Data items
________________________________________
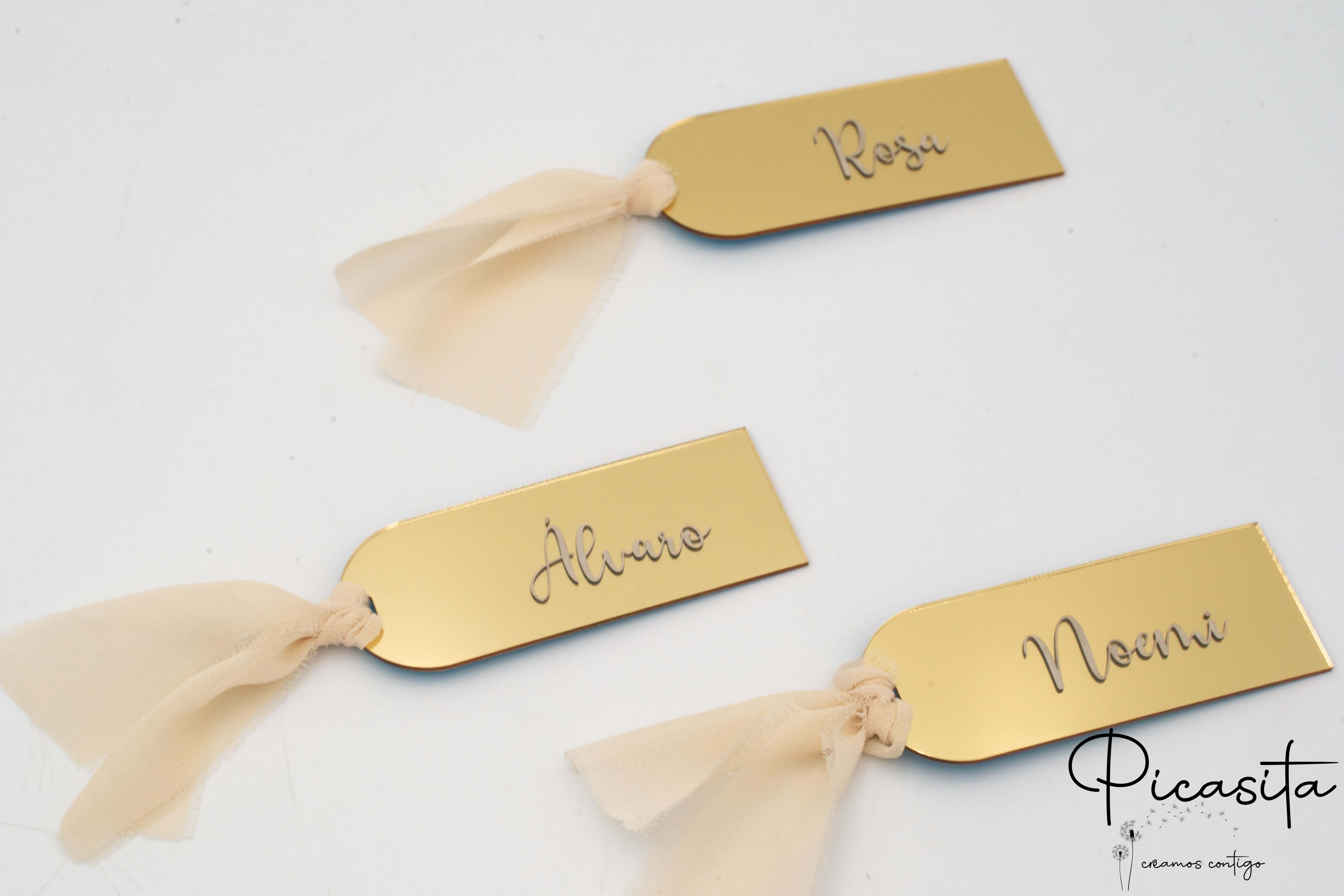 The design of our mirror place cards is carefully crafted to capture ambient light and add a sophisticated shine to your table decor. Made from high-quality rigid methacrylate, this gold place card offers a premium reflective finish that perfectly matches any decorative style, from the most classic and romantic to the most avant-garde. We invite you to explore more ideas in our store to complement the aesthetic of your celebration. The visual combination of the shiny acrylic with the delicate and romantic texture of the chiffon fabric ribbon tied at the end creates a fascinating contrast that will captivate everyone.
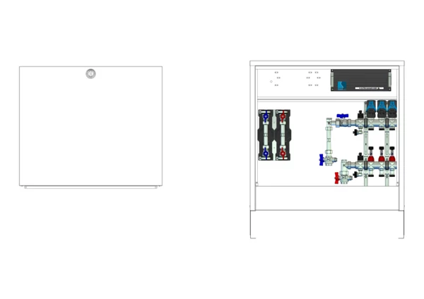 strawa Comfort Anschlussstation FBH-18-V-W2-WMZ-CA-EGO 3 Hkr.,BxHxT: 732x710x125 mm, vert. AG. m. WMZ, Verteiler m. DFA min/max+THV für EGO, m. vorm. EGO-Regelantr. u. Klemml. m. Vorverdr., Wasserzählerstr. TW kalt u. warm, Comfort-AP-Schrank RAL 9016
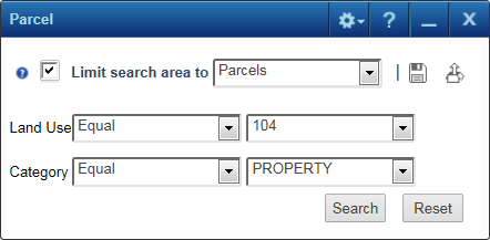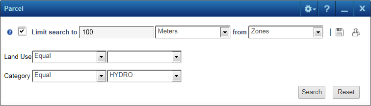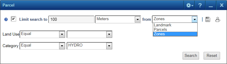 A search can have a Limit search area to option that restricts a search area to within or crossing the boundaries of features from a previous search or selection. The Limit search area to option is typically used with map features that are large enough that other features can be contained within them, such as regions, communities or zones. This feature can also be used with map features that can not have other features contained within them when you specify an extended area around the feature so all items within this area are included in the search results. An example of this type would be to find all recreation centers within 2 km of any selected school. A 2 km distance is added around the school and the search locates all recreation centers within this area.This option only appears if it has been configured for the search and you have performed a search or selection before opening the current search. If you have multiple groups in the Results window, you can choose the group you want to use from a drop-down arrow to the right of the Limit search area to option.
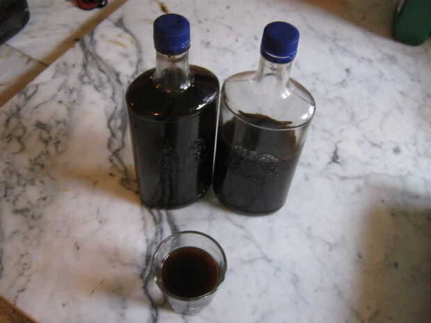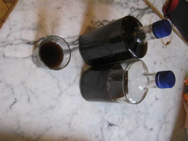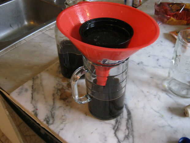 Agarrar las botellas spiffy en que el vodka vino, un embudo y un filtro de café. Coloque el filtro en el embudo y rellene las botellas de vodka. Terminé usando una jarra debajo del filtro. Dependiendo del tamaño del embudo que tienes y el tamaño del cuello de la botella esto no podría ser necesario.
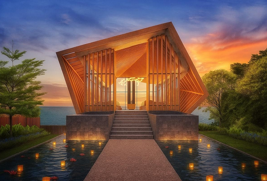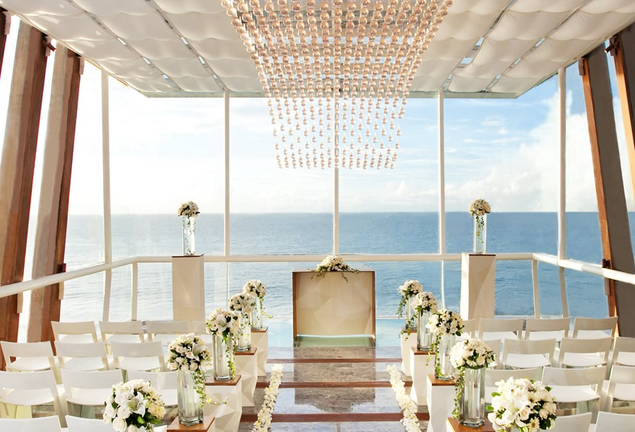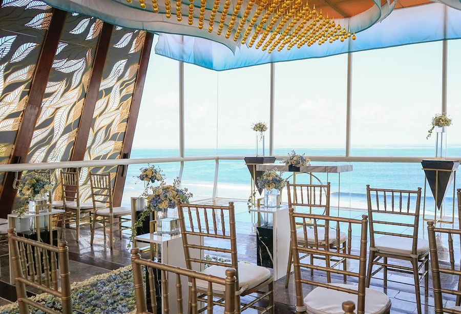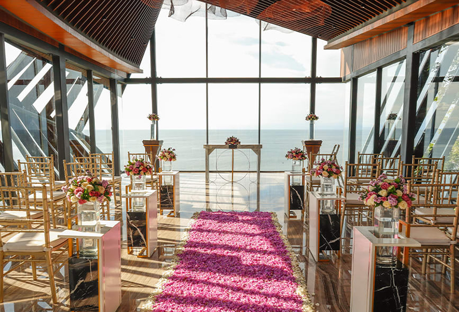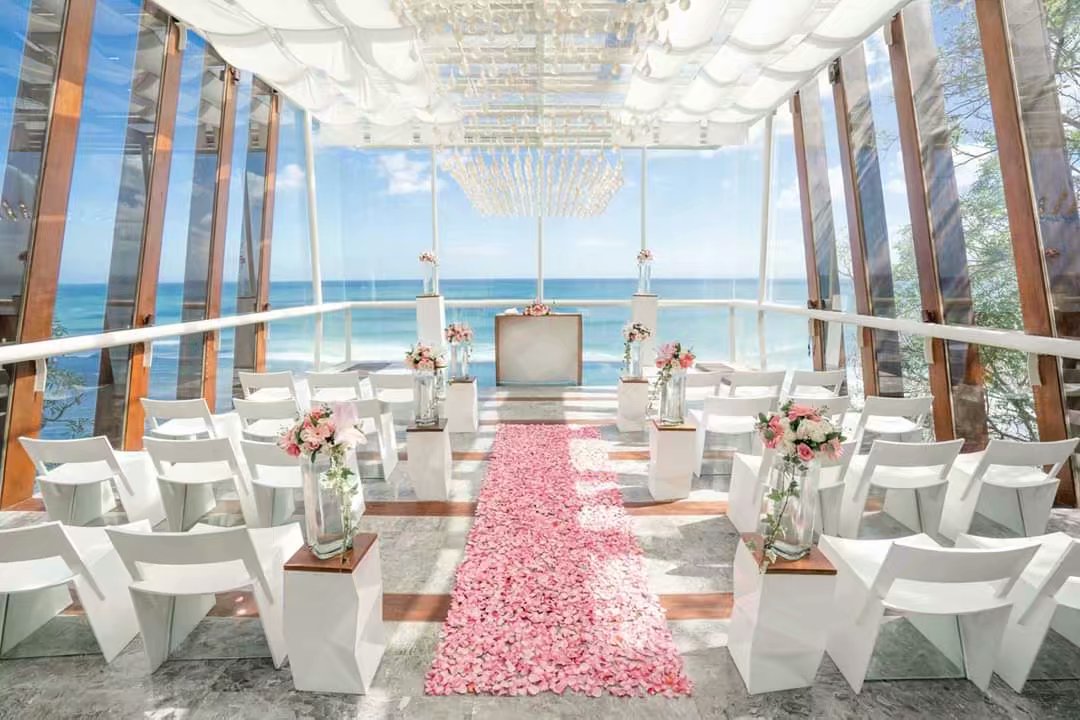 標誌性的懸崖邊教堂,是一座融合玻璃面板與實木橫梁的現代建築傑作。以360度全景印度洋作為婚禮的絕美背景。
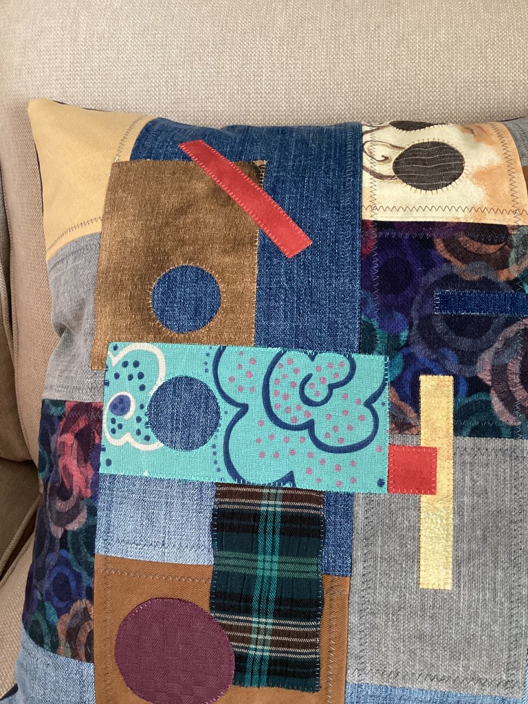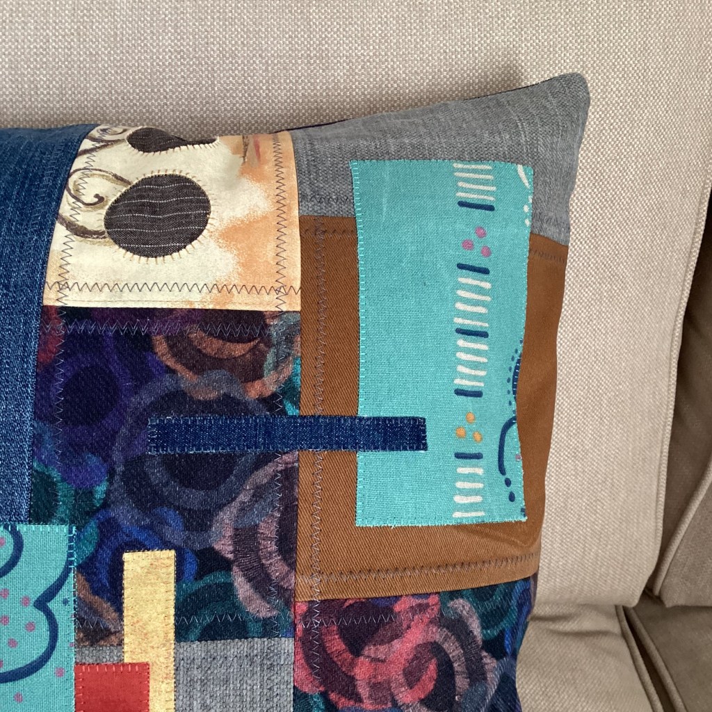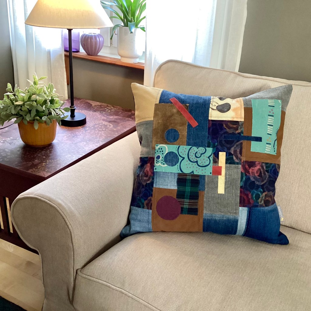Rustika textilier i mustiga färger – ett patchwork och applikationsarbete i denim, bomullstwill, möbeltyg och lite annat i blått, kanelbrunt, grått och så lite ”utropstecken” i gult, turkost och rött. Sammantaget en användarvänlig, härlig kudde att lysa upp soffan med! Som alltid är alla ingående textilier återbruk och spillbitar.
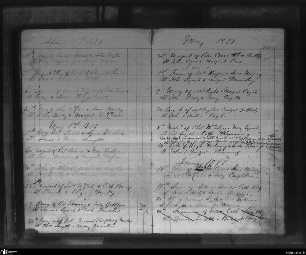 Ballintemple; County of Cavan; Diocese of Kilmore. Baptisms, Apr. 1878 to June 1878
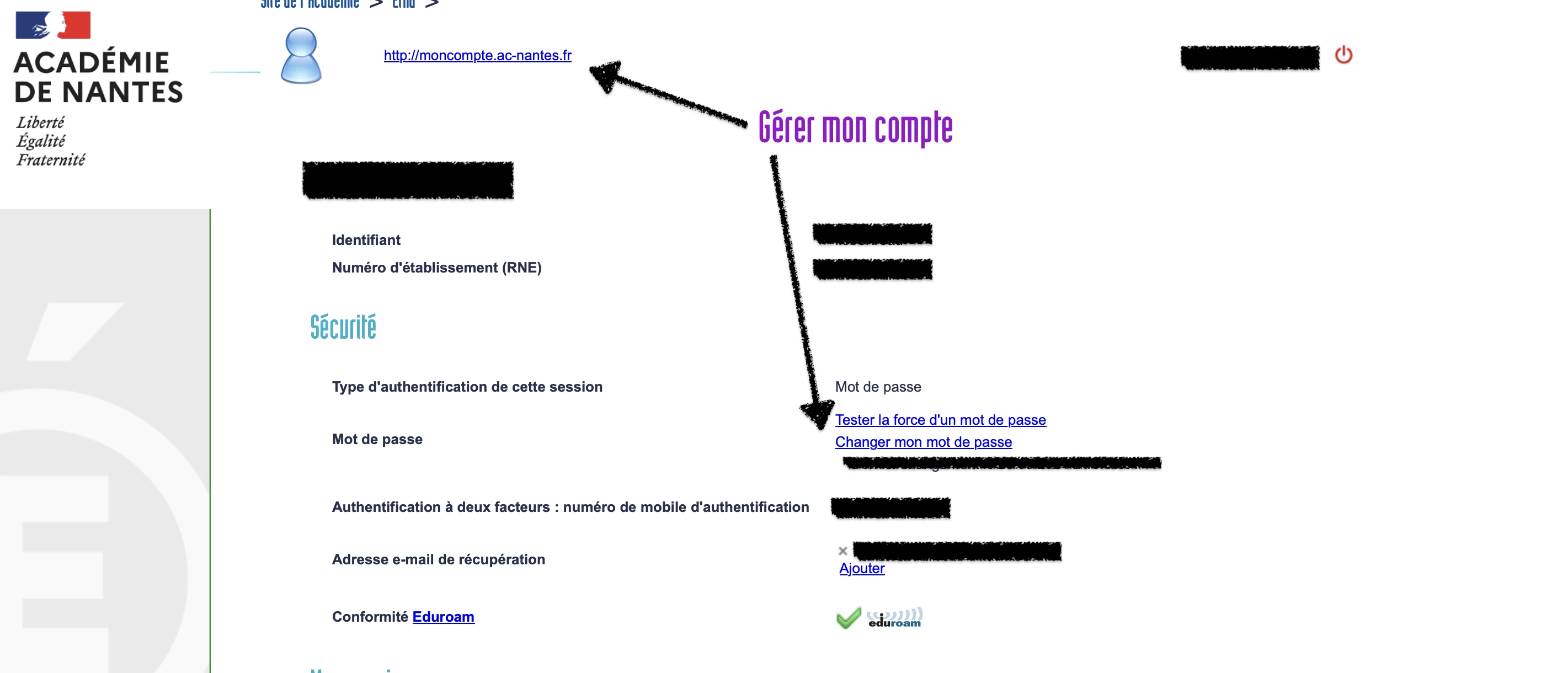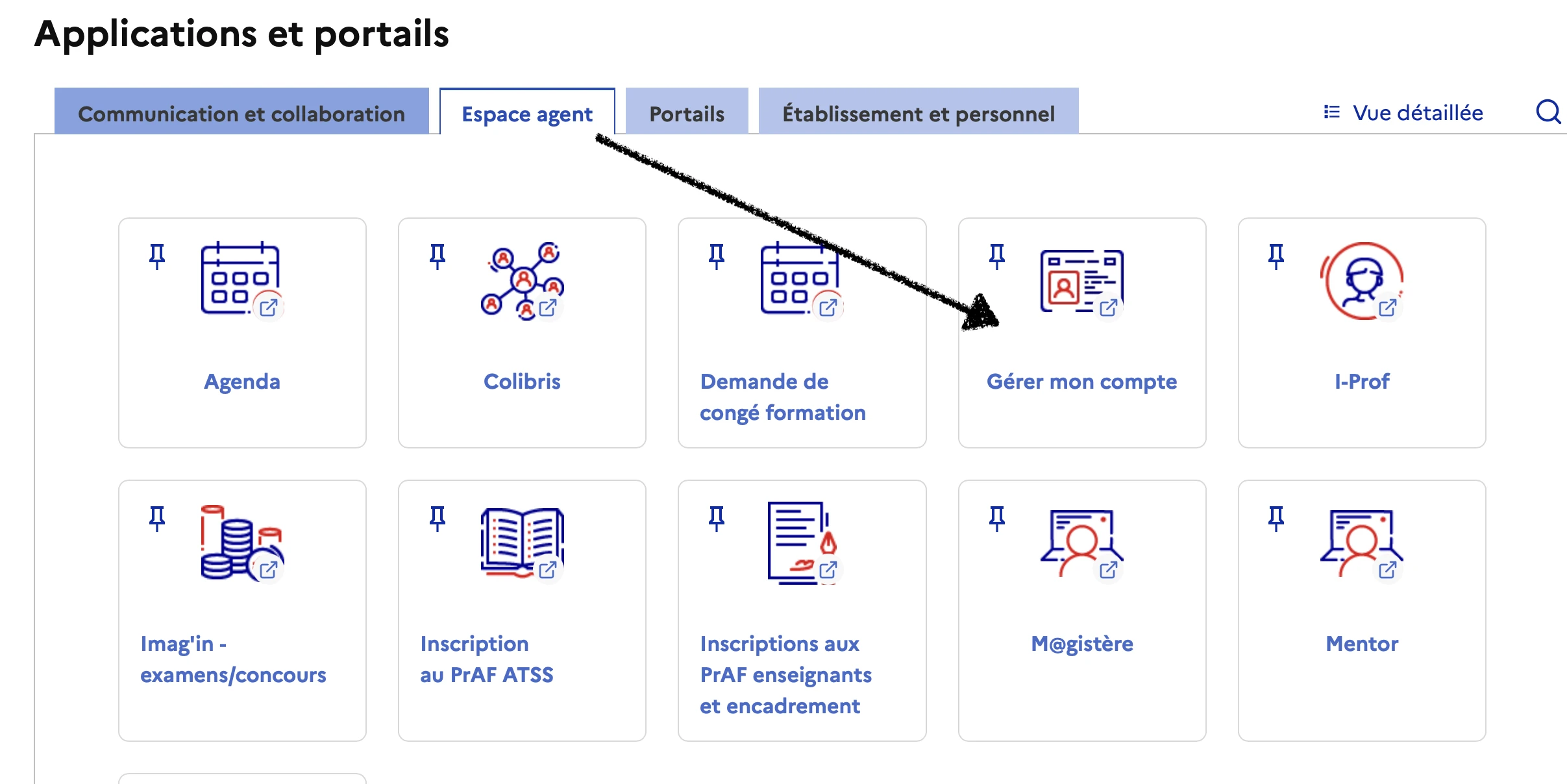 Pour modifier son mot de passe, et pour rajouter une adresse mail de récupération, il faut aller sur « Gérer son compte » sur Etna, dans l’onglet « Espace Agent ».
________________________________________
What you return should match the entries word for word, pictures aside.

(EXERCISE ANSWER)
 The design of our mirror place cards is carefully crafted to capture ambient light and add a sophisticated shine to your table decor. Made from high-quality rigid methacrylate, this gold place card offers a premium reflective finish that perfectly matches any decorative style, from the most classic and romantic to the most avant-garde. We invite you to explore more ideas in our store to complement the aesthetic of your celebration. The visual combination of the shiny acrylic with the delicate and romantic texture of the chiffon fabric ribbon tied at the end creates a fascinating contrast that will captivate everyone.
 strawa Comfort Anschlussstation FBH-18-V-W2-WMZ-CA-EGO 3 Hkr.,BxHxT: 732x710x125 mm, vert. AG. m. WMZ, Verteiler m. DFA min/max+THV für EGO, m. vorm. EGO-Regelantr. u. Klemml. m. Vorverdr., Wasserzählerstr. TW kalt u. warm, Comfort-AP-Schrank RAL 9016
 A search can have a Limit search area to option that restricts a search area to within or crossing the boundaries of features from a previous search or selection. The Limit search area to option is typically used with map features that are large enough that other features can be contained within them, such as regions, communities or zones. This feature can also be used with map features that can not have other features contained within them when you specify an extended area around the feature so all items within this area are included in the search results. An example of this type would be to find all recreation centers within 2 km of any selected school. A 2 km distance is added around the school and the search locates all recreation centers within this area.This option only appears if it has been configured for the search and you have performed a search or selection before opening the current search. If you have multiple groups in the Results window, you can choose the group you want to use from a drop-down arrow to the right of the Limit search area to option.
 Agarrar las botellas spiffy en que el vodka vino, un embudo y un filtro de café. Coloque el filtro en el embudo y rellene las botellas de vodka. Terminé usando una jarra debajo del filtro. Dependiendo del tamaño del embudo que tienes y el tamaño del cuello de la botella esto no podría ser necesario.
 標誌性的懸崖邊教堂,是一座融合玻璃面板與實木橫梁的現代建築傑作。以360度全景印度洋作為婚禮的絕美背景。
Rustika textilier i mustiga färger – ett patchwork och applikationsarbete i denim, bomullstwill, möbeltyg och lite annat i blått, kanelbrunt, grått och så lite ”utropstecken” i gult, turkost och rött. Sammantaget en användarvänlig, härlig kudde att lysa upp soffan med! Som alltid är alla ingående textilier återbruk och spillbitar.
 Ballintemple; County of Cavan; Diocese of Kilmore. Baptisms, Apr. 1878 to June 1878
 Pour modifier son mot de passe, et pour rajouter une adresse mail de récupération, il faut aller sur « Gérer son compte » sur Etna, dans l’onglet « Espace Agent ».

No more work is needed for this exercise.